* _DATA FOR THIS TASK_:
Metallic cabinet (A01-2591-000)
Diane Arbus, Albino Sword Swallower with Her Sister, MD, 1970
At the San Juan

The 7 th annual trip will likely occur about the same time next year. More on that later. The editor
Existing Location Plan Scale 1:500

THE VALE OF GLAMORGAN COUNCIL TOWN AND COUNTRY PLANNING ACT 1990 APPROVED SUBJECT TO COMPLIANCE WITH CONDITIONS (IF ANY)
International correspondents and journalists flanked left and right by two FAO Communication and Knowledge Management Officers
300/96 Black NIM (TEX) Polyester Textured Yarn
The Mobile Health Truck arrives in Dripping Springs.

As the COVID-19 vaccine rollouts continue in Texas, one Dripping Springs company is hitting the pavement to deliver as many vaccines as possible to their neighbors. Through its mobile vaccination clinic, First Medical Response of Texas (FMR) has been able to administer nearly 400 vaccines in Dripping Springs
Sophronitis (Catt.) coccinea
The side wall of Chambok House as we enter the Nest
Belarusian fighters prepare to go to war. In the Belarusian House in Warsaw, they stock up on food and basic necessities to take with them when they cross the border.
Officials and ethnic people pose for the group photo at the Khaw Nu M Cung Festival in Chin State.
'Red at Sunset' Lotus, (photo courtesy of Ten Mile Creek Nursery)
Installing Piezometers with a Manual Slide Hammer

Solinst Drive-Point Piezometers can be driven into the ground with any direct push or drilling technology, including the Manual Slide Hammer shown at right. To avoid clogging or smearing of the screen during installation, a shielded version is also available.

...

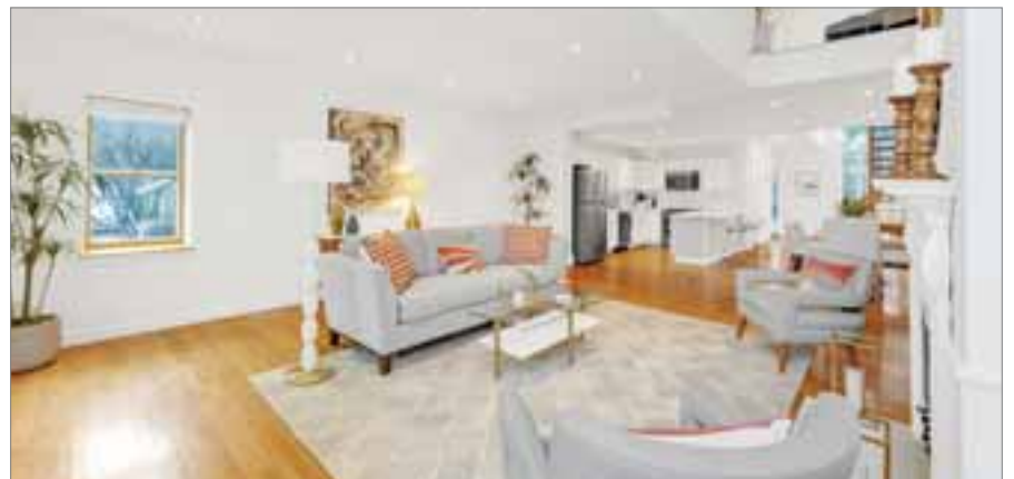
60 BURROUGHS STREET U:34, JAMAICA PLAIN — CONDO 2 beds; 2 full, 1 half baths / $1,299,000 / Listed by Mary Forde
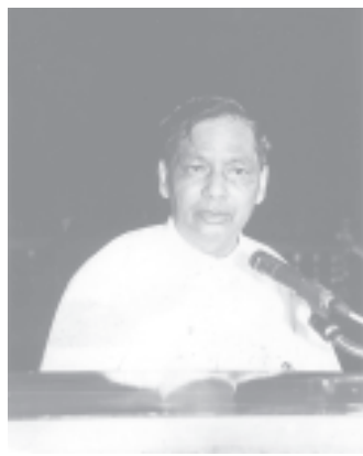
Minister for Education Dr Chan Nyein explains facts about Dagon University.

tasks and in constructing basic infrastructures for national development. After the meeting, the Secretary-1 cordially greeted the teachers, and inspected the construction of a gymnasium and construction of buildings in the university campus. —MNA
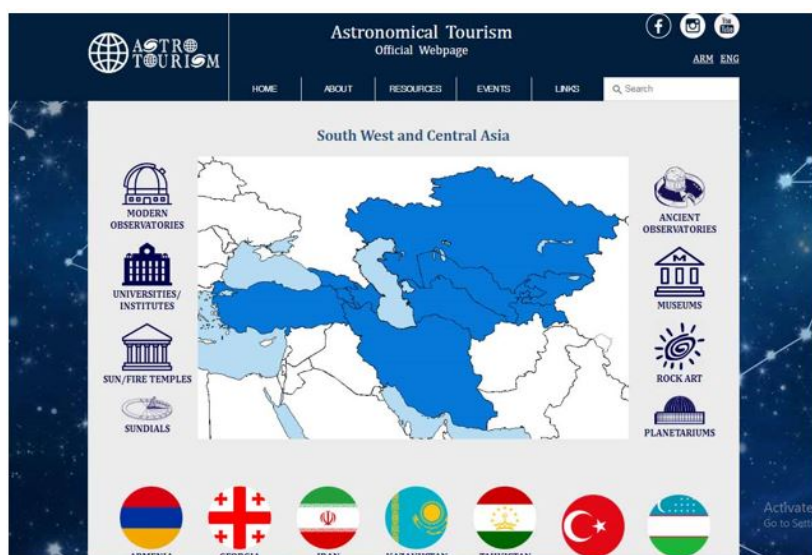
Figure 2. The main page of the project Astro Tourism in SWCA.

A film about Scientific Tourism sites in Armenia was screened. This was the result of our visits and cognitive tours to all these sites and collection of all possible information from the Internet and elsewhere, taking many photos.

* _EXERCISE INSTRUCTIONS_: Beginning at the line above with "Diane Arbus, Albino" and finishing at the line with "Mile Creek Nursery)", return each line exactly and return nothing else.

* _TASK SOLUTION_:
Diane Arbus, Albino Sword Swallower with Her Sister, MD, 1970
At the San Juan

The 7 th annual trip will likely occur about the same time next year. More on that later. The editor
Existing Location Plan Scale 1:500

THE VALE OF GLAMORGAN COUNCIL TOWN AND COUNTRY PLANNING ACT 1990 APPROVED SUBJECT TO COMPLIANCE WITH CONDITIONS (IF ANY)
International correspondents and journalists flanked left and right by two FAO Communication and Knowledge Management Officers
300/96 Black NIM (TEX) Polyester Textured Yarn
The Mobile Health Truck arrives in Dripping Springs.

As the COVID-19 vaccine rollouts continue in Texas, one Dripping Springs company is hitting the pavement to deliver as many vaccines as possible to their neighbors. Through its mobile vaccination clinic, First Medical Response of Texas (FMR) has been able to administer nearly 400 vaccines in Dripping Springs
Sophronitis (Catt.) coccinea
The side wall of Chambok House as we enter the Nest
Belarusian fighters prepare to go to war. In the Belarusian House in Warsaw, they stock up on food and basic necessities to take with them when they cross the border.
Officials and ethnic people pose for the group photo at the Khaw Nu M Cung Festival in Chin State.
'Red at Sunset' Lotus, (photo courtesy of Ten Mile Creek Nursery)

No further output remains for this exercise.